Documents, Autographs and Photographs


  • Autograph cheque signed in full by Shelley to Thomas Love Peacock, 1818. Sold for £2,629 in September 2004.
  • Autograph cheque signed in full by Shelley to George Furnivall, 1817. Sold for £2,500 in November 2011.


  • Four autograph letters 1810-11, indicating the emergence of Shelley’s atheism. Sold for £45,600 in June 2005.
  • Autograph letter signed, 1820, sold for $30,000 in December 2009.
  • Autograph verse letter to Edward Fergus Graham, 1811, sold for £12,650 in June 1995.
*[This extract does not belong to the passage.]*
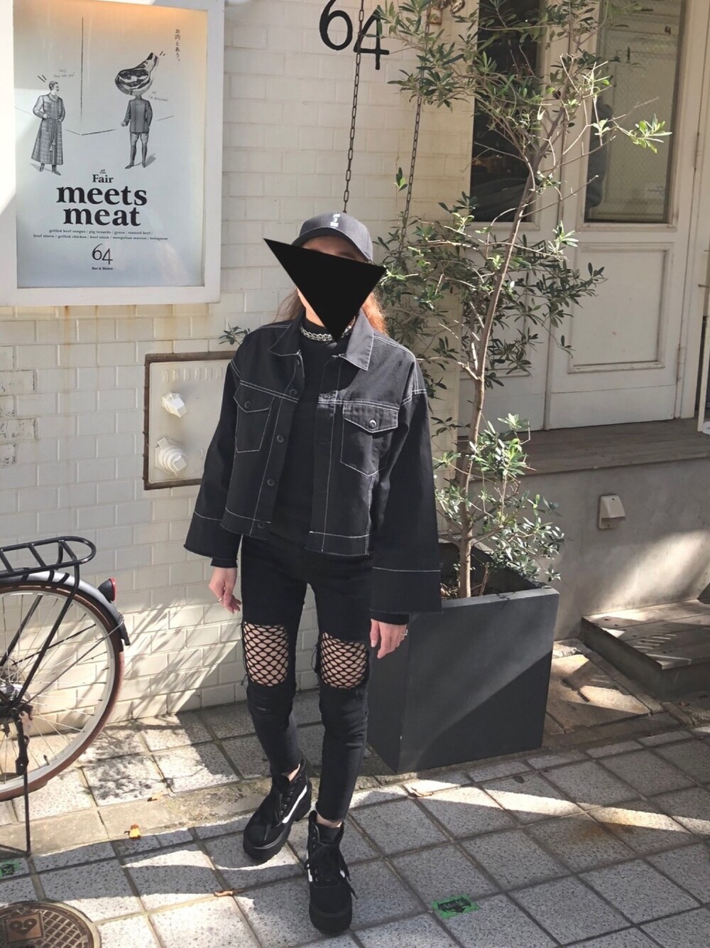 りこのデニムパンツ「クラッシュあみタイツストレッチパンツ」を使ったコーディネート

  • Autograph letter signed, regarding the publication of Mary Shelley’s Frankenstein. Sold for £21,875 in December 2009.

Guide for collectors

Shelley’s works, being classics of English literature, are often chosen as projects for a beautiful binding or to showcase an illustrator. So, while early editions of the works will be extremely valuable, often a much later copy possessing one or more of these other attractive attributes will also be particularly sought-after. People also love to own items relating to Shelley's life, such as letters and signatures. He was a fierce and passionate enthusiast about several interesting causes, such as nonviolence, atheism and vegetarianism, that he is seen as a figurehead by many for the strength of his ideology.

His works are often sold together with those of his friends and contemporaries, John Keats and Lord Byron, as representative of an era in literature. His Adonais: An elegy on the death of John Keats, is an emotional lament in Spenserian stanzas, prefaced by a fierce attack upon the Quarterly Review critics, who, having harshly reviewed Keat’s Endymion, Shelley believed played a part in hastening Keats’ death. It is particularly sought-after as a collectible, being Shelley’s favourite of his own poems, and demonstrating that personal connection between the two Romantic poets who both died so tragically young.